Меня захлестнула волна ярости. Как я устал оттого, что мне вечно ставят палки в колеса! Справиться с этим дебилом до смешного просто. Такие великаны — особенно если платят за мышцы кучу денег, да еще потом с ними мучаются — часто переоценивают свою силу.
Мне даже не понадобилось никакого кун-фу. Я кивнул, огляделся, выждал секунду, а потом бросился вперед, прямо на его ружье. Немец не успел и глазом моргнуть, как я ударил стволом ему по носу. Хмырь упал; на месте носа расплылась кровавая каша. Ружье выскочило у бедняги из пальцев, я подхватил его и отдал девкам-перевозчицам. Меньше всего мне хотелось, чтобы к отряду моих поклонников присоединился какой-нибудь наркодилер.
— Не уходите, — посоветовал я. — Скоро мы закончим.
Пока немец катался по земле, у магазина что-то взорвалось. В нашу сторону дунул теплый ветер. Девки посмотрели туда, но я не отвлекался. Я легонько пнул немца. Тот застонал.
— Приятель, у тебя скелет как у птички, мать твою. Дай мне наводку на Марселя, и работай себе спокойно. А будешь вонять — сломаю каждую твою пустую кость. Ты понял?
Немец простонал:
— Ja,ja…
— Вот и хорошо. — Еще один взрыв, опять порыв теплого ветра. Я подмигнул девицам. — Вот и славненько.
Город горел. Возле старой гостиницы пылало каждое пятое здание; почти все и так выгорели во время прошлых бунтов.

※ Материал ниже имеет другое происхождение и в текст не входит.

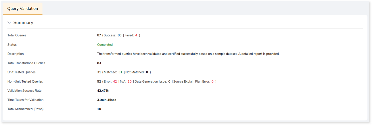- Validated Queries: Number of queries validated along with the status.
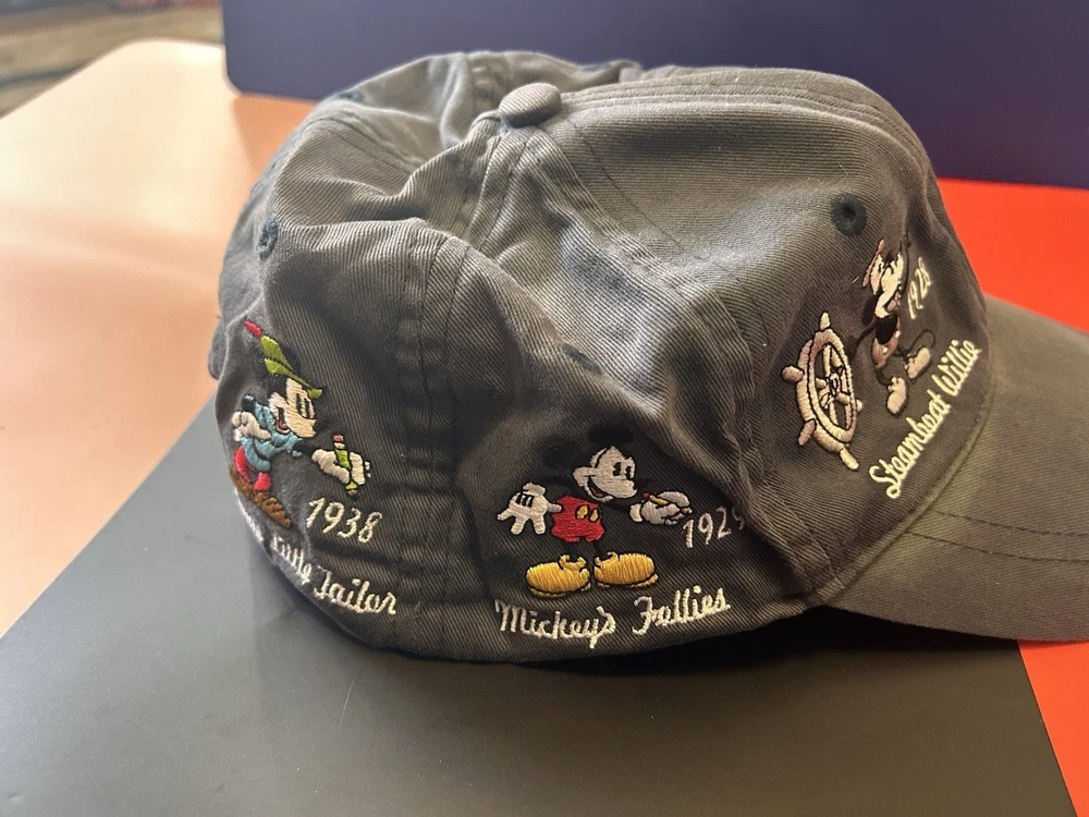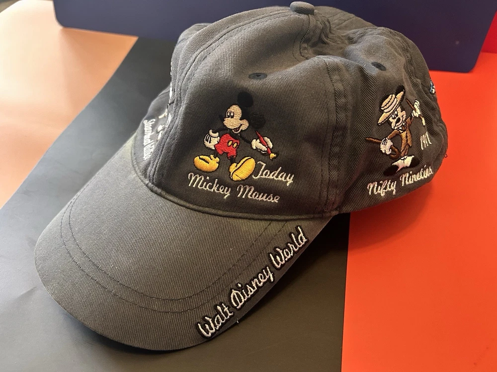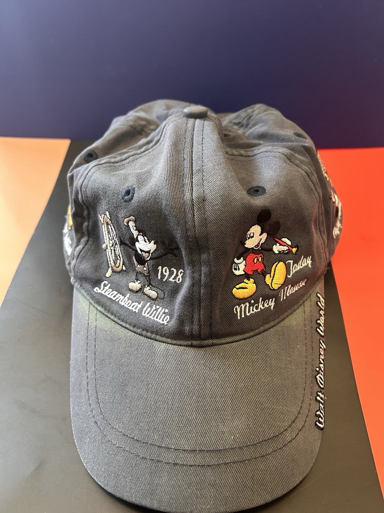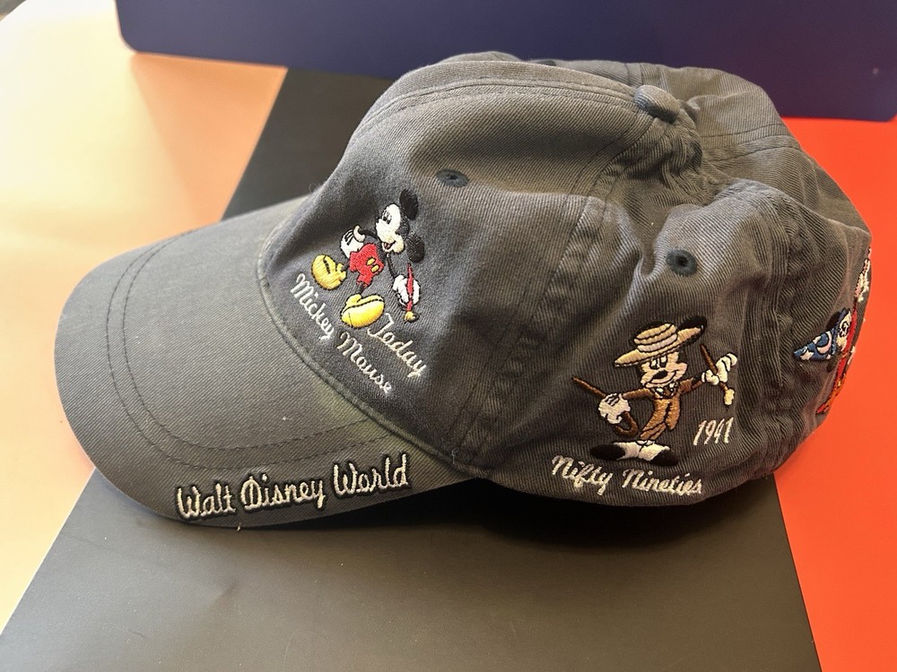 Showcase your Disney fandom with this classic Walt Disney World Mickey Mouse Through the Years Baseball Cap. Featuring an iconic silhouette of the beloved character, this hat is a timeless piece of memorabilia for any Disney enthusiast. The black canvas is accented with a tan Mickey Mouse emblem, creating a look that's both stylish and nostalgic. Designed to fit most with its one-size-fits-all approach, this hat makes for a perfect accessory for any adult fan. Whether you're out for a casual day or attending a Disney event, this unisex cap is an effortless way to celebrate the magic of Disney and its storied heritage.
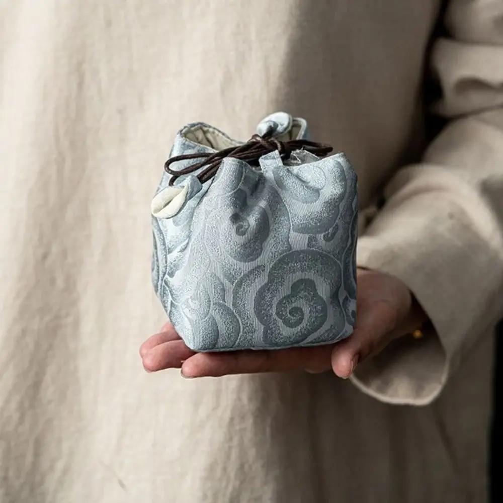 New Chinese Style Tea Set Storage Bag Thickened Embroidered Candy Storage Bag Portable Teapot Cloth Pouch Teacup Drawstring Bag
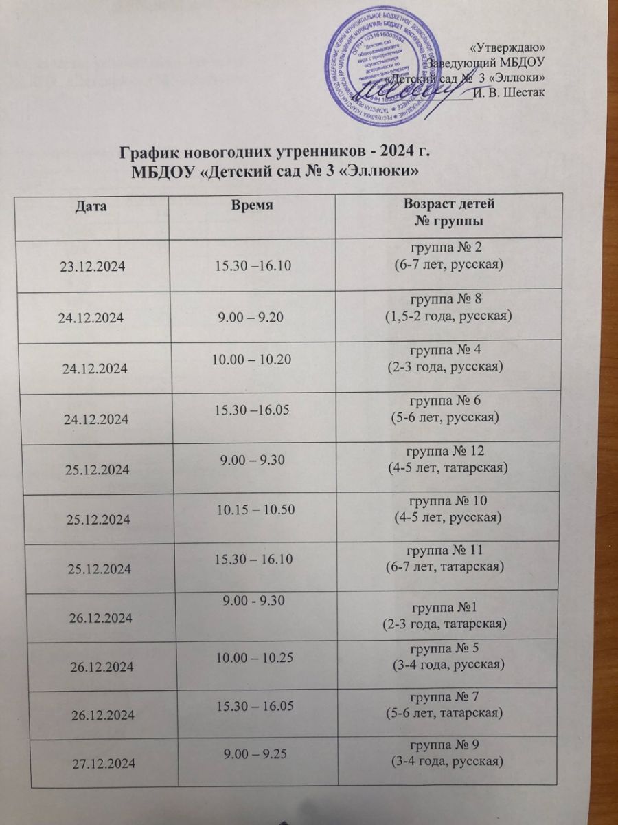 График новогодних утренников - 2024г.
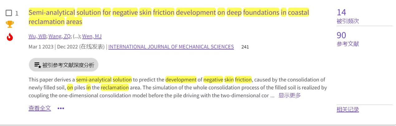 (通讯员 黄静)根据2023年7月基本科学指标数据库(Essential Science Indicators,简称ESI)最新数据显示,WilliamHill中文官网勘察与基础工程系吴文兵教授团队于2023年在国际工程力学领域权威期刊International Journal of Mechanical Sciences(IF: 7.3, 中科院一区TOP)上发表的学术论文“Semi-analytical solution for negative skin friction development on deep foundations in coastal reclamation areas”同时入选ESI热点论文和高被引论文。该论文第一作者为吴文兵教授,第二作者为勘察与基础工程系王宗琴硕士,威廉希尔WilliamHill(武汉)WilliamHill中文官网为第一署名单位。
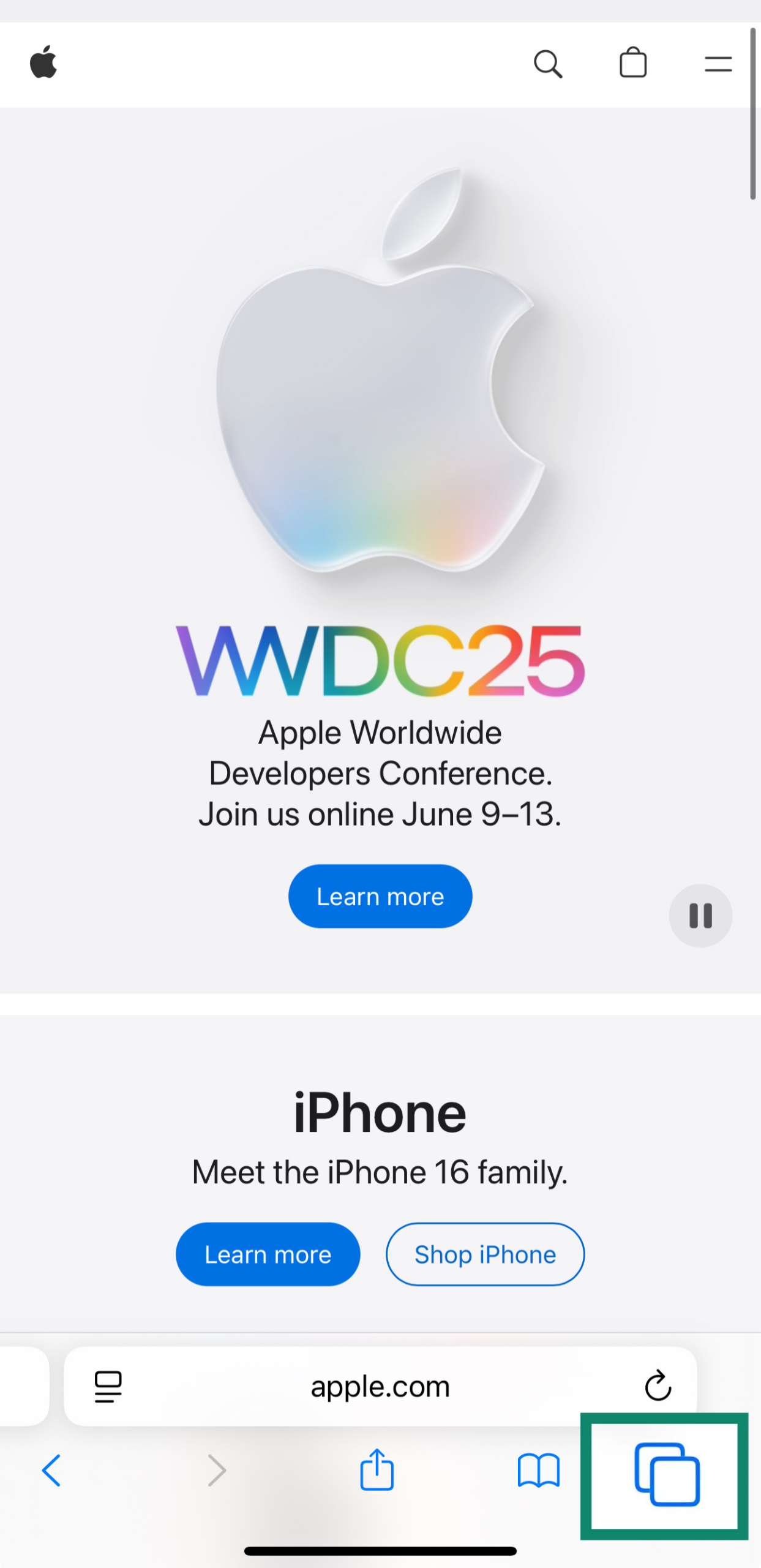 - Launch Safari and click the Tabs button (two overlapping squares) in the bottom-right corner.

— Зачем всегда все палить? Каждый раз поджоги. Человечество шло сюда сотни тысяч лет, а они хотят за одну ночь все проссать!
Я пожал плечами.
— Это все не их. Вот они и развлекаются.
Марсель оказался полноватым гражданином неопределенной национальности. Он даже глазом не моргнул, когда я вылез из-под канализационной решетки перед его гостиницей. Марсель превратил вычурный вестибюль в свой главный офис. Прямо диван-сарай какой-то: вокруг него со скучающим видом развалились люди — молодые, красивые, тяжело вооруженные. И вежливые. Кое-где встречались прикормленные копы. Если не считать копов, все перенесли косметическую аугментацию и ходили заштопанные шелковыми нитками. Казалось, они совсем не опасные, что само по себе было подозрительно.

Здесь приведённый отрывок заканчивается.